- [WHAT IS BEING ASKED]: Identify all lines below that hold "your" and collect them.

- [MATERIAL FOR THIS EXERCISE]:

****

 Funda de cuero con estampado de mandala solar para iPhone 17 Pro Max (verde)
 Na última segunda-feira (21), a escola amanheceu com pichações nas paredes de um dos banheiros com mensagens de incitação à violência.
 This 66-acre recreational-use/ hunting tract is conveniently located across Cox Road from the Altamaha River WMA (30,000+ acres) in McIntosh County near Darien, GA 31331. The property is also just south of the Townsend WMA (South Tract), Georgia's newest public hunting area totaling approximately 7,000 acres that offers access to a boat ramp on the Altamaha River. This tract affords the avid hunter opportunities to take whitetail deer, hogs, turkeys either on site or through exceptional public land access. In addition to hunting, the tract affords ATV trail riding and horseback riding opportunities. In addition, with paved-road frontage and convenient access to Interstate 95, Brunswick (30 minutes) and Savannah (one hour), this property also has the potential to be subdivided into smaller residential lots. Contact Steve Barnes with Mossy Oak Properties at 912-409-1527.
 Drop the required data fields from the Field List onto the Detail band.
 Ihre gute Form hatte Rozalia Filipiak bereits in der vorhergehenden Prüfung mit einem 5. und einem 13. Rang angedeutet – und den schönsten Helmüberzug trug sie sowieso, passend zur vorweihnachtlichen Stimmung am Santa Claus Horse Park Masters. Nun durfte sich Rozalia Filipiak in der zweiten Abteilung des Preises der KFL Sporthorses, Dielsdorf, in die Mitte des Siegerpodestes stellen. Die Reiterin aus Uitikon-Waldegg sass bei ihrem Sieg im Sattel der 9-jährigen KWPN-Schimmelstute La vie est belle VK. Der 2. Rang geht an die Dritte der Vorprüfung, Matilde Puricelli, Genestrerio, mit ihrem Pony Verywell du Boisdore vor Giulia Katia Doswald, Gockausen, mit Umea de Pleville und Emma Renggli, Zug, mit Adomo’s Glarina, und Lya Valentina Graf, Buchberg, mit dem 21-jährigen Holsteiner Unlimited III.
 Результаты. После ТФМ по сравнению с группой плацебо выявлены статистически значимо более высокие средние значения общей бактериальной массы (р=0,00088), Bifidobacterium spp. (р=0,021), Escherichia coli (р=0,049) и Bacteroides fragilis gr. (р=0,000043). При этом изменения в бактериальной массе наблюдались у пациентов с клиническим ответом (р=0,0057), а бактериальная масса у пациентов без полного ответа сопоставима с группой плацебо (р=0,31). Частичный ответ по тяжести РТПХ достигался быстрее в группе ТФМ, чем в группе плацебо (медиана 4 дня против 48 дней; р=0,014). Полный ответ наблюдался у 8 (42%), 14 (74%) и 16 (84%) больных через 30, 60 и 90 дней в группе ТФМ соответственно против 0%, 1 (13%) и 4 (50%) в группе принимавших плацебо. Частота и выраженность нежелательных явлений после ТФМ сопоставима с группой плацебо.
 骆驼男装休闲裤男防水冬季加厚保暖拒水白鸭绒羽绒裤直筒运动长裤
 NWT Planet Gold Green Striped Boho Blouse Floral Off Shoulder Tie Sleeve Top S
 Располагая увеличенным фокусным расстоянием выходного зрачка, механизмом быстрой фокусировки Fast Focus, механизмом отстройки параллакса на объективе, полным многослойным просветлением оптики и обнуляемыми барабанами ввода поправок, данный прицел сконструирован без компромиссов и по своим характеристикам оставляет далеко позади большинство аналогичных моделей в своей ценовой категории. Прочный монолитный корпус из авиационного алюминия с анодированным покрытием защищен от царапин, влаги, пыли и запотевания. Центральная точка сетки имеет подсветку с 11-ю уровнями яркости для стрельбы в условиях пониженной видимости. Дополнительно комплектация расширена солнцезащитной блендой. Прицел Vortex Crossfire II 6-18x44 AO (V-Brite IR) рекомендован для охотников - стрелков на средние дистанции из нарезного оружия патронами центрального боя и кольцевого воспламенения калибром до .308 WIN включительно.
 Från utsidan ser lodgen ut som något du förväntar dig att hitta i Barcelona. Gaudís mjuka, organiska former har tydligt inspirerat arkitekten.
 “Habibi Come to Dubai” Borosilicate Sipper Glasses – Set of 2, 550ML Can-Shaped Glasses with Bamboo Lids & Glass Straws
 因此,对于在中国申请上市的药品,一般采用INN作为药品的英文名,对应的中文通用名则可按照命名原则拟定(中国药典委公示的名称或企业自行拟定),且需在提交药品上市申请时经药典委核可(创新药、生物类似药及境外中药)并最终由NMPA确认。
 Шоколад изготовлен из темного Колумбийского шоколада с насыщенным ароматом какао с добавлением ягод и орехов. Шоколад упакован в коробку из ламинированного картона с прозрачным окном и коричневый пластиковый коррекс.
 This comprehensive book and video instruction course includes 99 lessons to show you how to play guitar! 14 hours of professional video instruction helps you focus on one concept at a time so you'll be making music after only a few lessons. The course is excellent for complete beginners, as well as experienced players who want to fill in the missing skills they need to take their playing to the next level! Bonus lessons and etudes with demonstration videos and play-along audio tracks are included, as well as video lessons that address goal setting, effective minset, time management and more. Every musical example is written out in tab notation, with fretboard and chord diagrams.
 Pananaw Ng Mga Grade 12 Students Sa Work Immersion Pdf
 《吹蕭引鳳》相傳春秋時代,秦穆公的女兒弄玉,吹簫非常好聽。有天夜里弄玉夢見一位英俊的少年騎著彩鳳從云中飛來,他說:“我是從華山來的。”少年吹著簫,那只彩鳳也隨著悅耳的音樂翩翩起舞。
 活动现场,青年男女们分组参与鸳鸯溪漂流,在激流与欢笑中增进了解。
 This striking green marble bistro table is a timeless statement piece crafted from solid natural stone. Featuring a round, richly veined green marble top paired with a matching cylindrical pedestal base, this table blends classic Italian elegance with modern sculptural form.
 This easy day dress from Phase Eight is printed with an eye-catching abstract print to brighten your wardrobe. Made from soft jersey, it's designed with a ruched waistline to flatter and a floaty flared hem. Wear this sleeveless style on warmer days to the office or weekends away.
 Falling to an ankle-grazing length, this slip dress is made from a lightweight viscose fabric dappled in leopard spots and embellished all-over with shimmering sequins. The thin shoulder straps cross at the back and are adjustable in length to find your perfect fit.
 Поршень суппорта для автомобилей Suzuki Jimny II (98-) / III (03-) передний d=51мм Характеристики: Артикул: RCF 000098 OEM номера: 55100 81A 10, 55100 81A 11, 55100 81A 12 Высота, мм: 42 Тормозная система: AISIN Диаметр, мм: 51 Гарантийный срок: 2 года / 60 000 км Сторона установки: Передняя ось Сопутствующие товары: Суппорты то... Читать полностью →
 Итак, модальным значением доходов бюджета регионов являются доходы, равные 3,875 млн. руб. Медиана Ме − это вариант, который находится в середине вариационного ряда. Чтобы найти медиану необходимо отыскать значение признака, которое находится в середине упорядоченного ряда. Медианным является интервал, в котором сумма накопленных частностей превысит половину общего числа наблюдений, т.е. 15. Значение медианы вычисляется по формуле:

****

- [OUTPUT OF THE TASK]:
 This easy day dress from Phase Eight is printed with an eye-catching abstract print to brighten your wardrobe. Made from soft jersey, it's designed with a ruched waistline to flatter and a floaty flared hem. Wear this sleeveless style on warmer days to the office or weekends away.
 Falling to an ankle-grazing length, this slip dress is made from a lightweight viscose fabric dappled in leopard spots and embellished all-over with shimmering sequins. The thin shoulder straps cross at the back and are adjustable in length to find your perfect fit.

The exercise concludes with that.